-
Mamo, mogę dziś założyć większe buty? – pada
pytanie na śniadanie.
-
Większe? – dziwi się mama.
-
Tak. Żebym mogła kiwać palcami – wyjaśnia
5-letnia córka. W ramach kompromisu na nogi zostają naciągnięte getry nie do
pary.
Przygoda z Pippi
rozpoczyna się niewinnie... Znaleziona w bibliotece książka nie zapowiada
rewolucji w garderobie, poniekąd w życiu... Sympatia do Pończoszanki (Astrid
Lindgren Pippi Pończoszanka, Pippi na Południowym Pacyfiku) staje się
jednak faktem, a mieszkańcy pewnego domu zaczynają mieć nadzieję, że najmłodsza
z nich nie zechce podnosić konia czy rezygnować wkrótce z "tabliczki
schorzenia", no może co niektórzy zaczynają łudzić się, że zaplanuje ona i
zorganizuje wyprawę na wyspę Kurrekurredutt (zwłaszcza, że czuć już oddech
zimy, a oderwanie od pędu przyda się każdemu...).

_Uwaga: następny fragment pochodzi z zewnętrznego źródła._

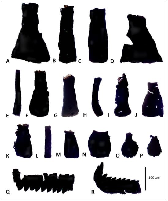 Their taxonomic classification is mainly based on the external silhouette, and they proved to be very useful in biostratigraphic dating of Early Paleozoic fine-grained sediments []. The progressive thermal alteration of the test changes from translucent and amber-colored to brown and finally black (opaque). Hence, they are useful and helpful, especially in those metasedimentary successions (highly tectonic-metamorphosed rocks like green-schist facies) bearing organic matter opaque. However, ongoing palynological analyses have shown that standard techniques are applied by considering their large size, varying from 50 µm to 2 mm in length. It needs to avoid crushing pieces of rocks less than 1 cm. Moreover, for recovering complete specimens of extremely fragile and brittle chitinozoans, standard techniques need modification and adaptation based on the results obtained from different types of rocks [,,]. In this case, direct observation at the surface of the rock slabs and petrological slides constructed along the bedding plane can also be useful [].
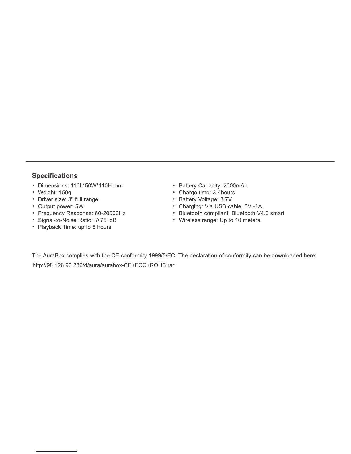 Divoom Aurabox - AuraBox Technical Specifications; Detailed AuraBox Specifications

Zgłębianie zawartości książek jest
jedną z ulubionych czynności przypisanych do wymienionego domku. Jednakże
czytanie ma swoje małe pułapki. Obok zarwanych nocy czy rezygnacji ze spotkania
towarzyskiego, zdarzają się i takie:
- Mamo, Aleksyna (Lenia Major Loufane Siedem
przygód Aleksyny – małej czarodziejki) nie chodzi w spodniach! Spodnie nie
są dla dziewczynek. Nie założę ich. – odpowiednią argumentacją próbuje
przeforsować swój punkt widzenia młoda dama. I ostatecznie wygrywa. Bo przecież
pogoda nie ma nic do rzeczy, kiedy autorytet nosi sukienkę... Nawet mroźna
królowa w sukniach chodzi (Jan Christian Andersen Królowa Śniegu).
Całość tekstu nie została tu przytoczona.